Il o i pesci moriranno in pochi istanti senza soffrire più che tanto. E’ triste
ma è così. Altro metodo, che non apprezzo, è mettere i pesci in vasetto e
riporlo nel freezer. Il metabolismo si abbassa fino al punto di spengersi, ma
che il pesce non soffra, nel buio e nel freddo del congelatore è tutto da
dimostrare. Non mi piace. Altro sistema è quello di far bollire dell’acqua in un
pentolino e versarla di colpo nella ciotola dove si sono messi i pesci malati.
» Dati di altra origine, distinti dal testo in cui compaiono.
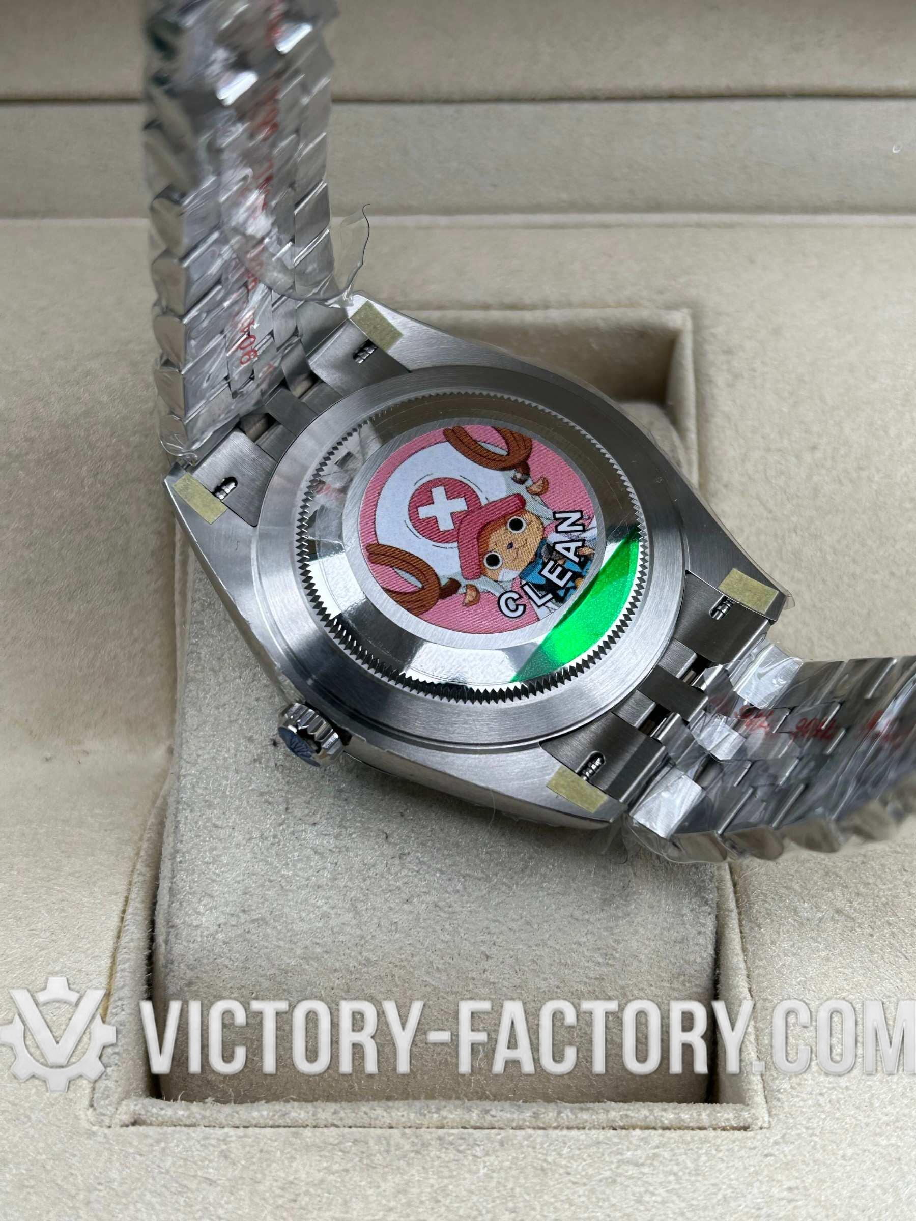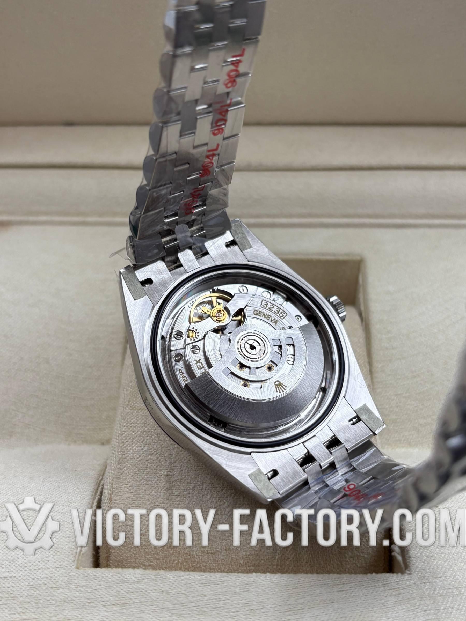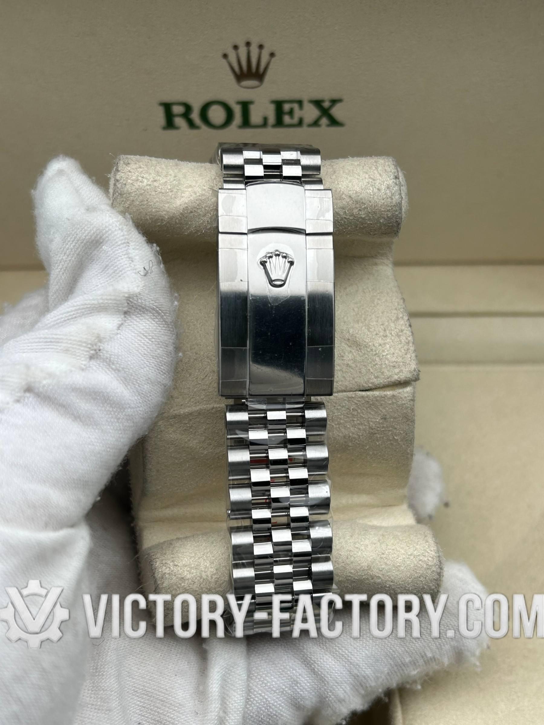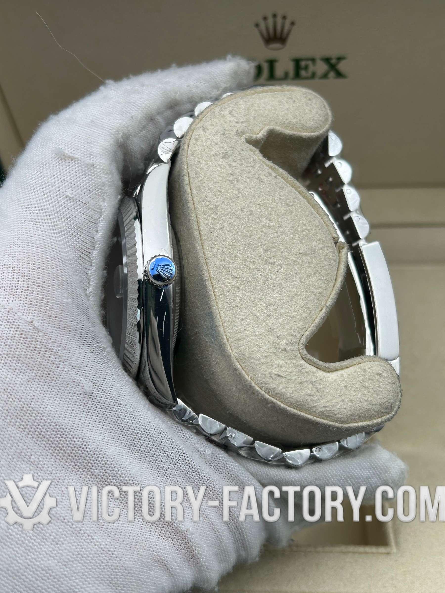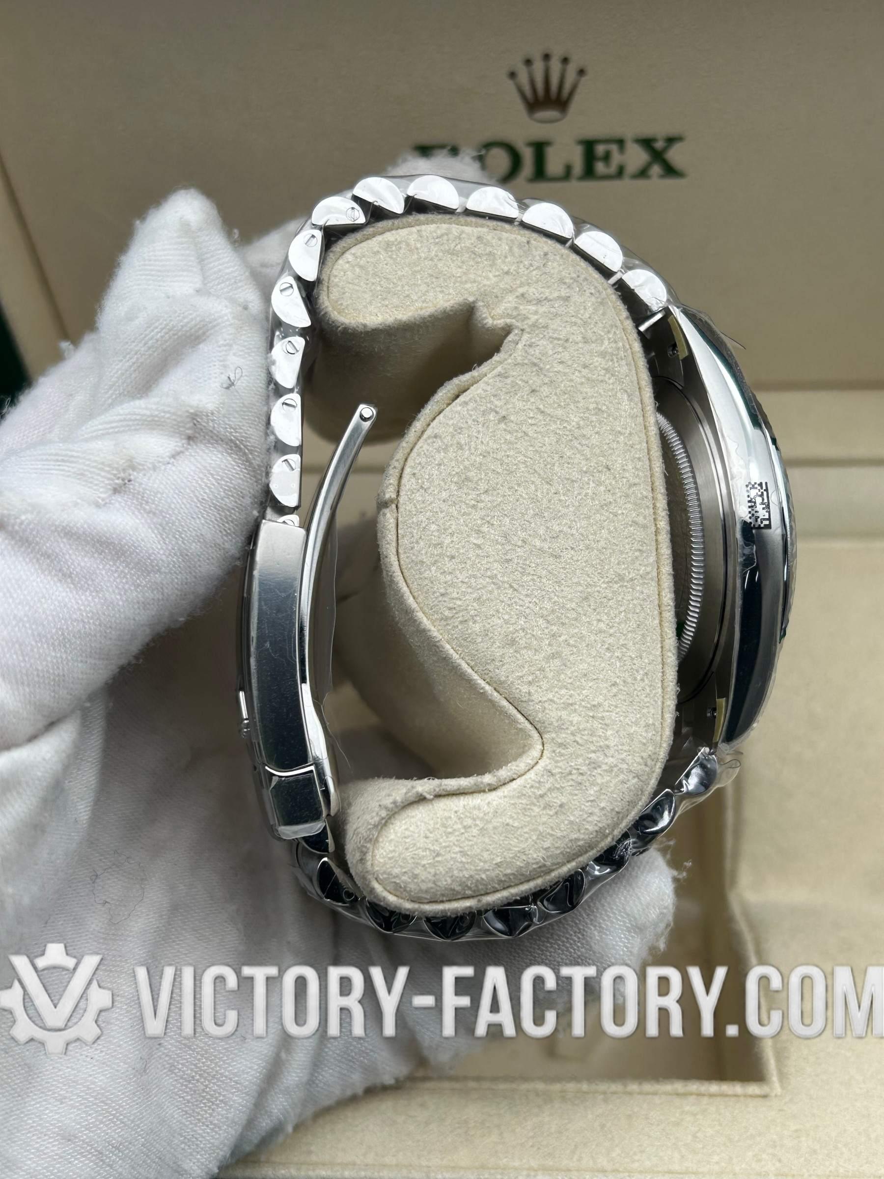 • CASE: Our Victory Factory Super Clone features a 41mm solid 904L stainless steel construction, ensuring an exact match to genuine Rolex 904L steel. It includes a screw-down case-back and a Twinlock double waterproofness system screw-down winding crown for superior water resistance. Every detail, including the ROLEX laser engraving on the Rehaut ring and a DLC scratch-protection coating, is faithfully replicated to be 100% identical to the original.
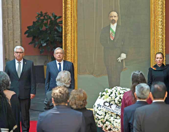 ● El presidente Andrés Manuel López Obrador presidió la ceremonia por el 110 Aniversario Luctuoso de Francisco I. Madero, en Palacio Nacional. Se depositó una ofrenda floral y montaron una guardia de honor. NOEMÍ GUTIÉRREZ

La morte è quasi istantanea ma è un sistema, anche questo, un po’ truculento
anche se forse il più immediato e se vogliamo caritatevole.
Conclusione
Ho pensato a
lungo prima di pubblicare questo articolo se fosse o
no il caso di parlarne. Poi, letto in un forum di gente che buttava i pesci
vivi nel water close di casa
mi sono detto: è no, questo no! Allora, se proprio dobbiamo eliminare i nostri
amici sofferenti, almeno usiamo sistemi “umani” per quanto umano possa essere uccidere un essere che è ancora vivo. Il
consiglio che personalmente vi do è quello di
aspettare a fare azioni
di questo genere fino a quando non si dimostri impossibile un miglioramento. Ma se, come spesso accade, la cosa
degenera non fate come il medico pietoso che, come dice il
proverbio, fece la piaga puzzolente. Agite, prontamente e vedrete che
gli altri pesci ve ne saranno grati. In fondo, ve la dico
tutta, anche io se fossi in una simile condizione
vorrei che qualcuno, amorevolmente e senza violenza, mi staccasse la spina. E’
un modo di vedere ed ognuno ha il suo.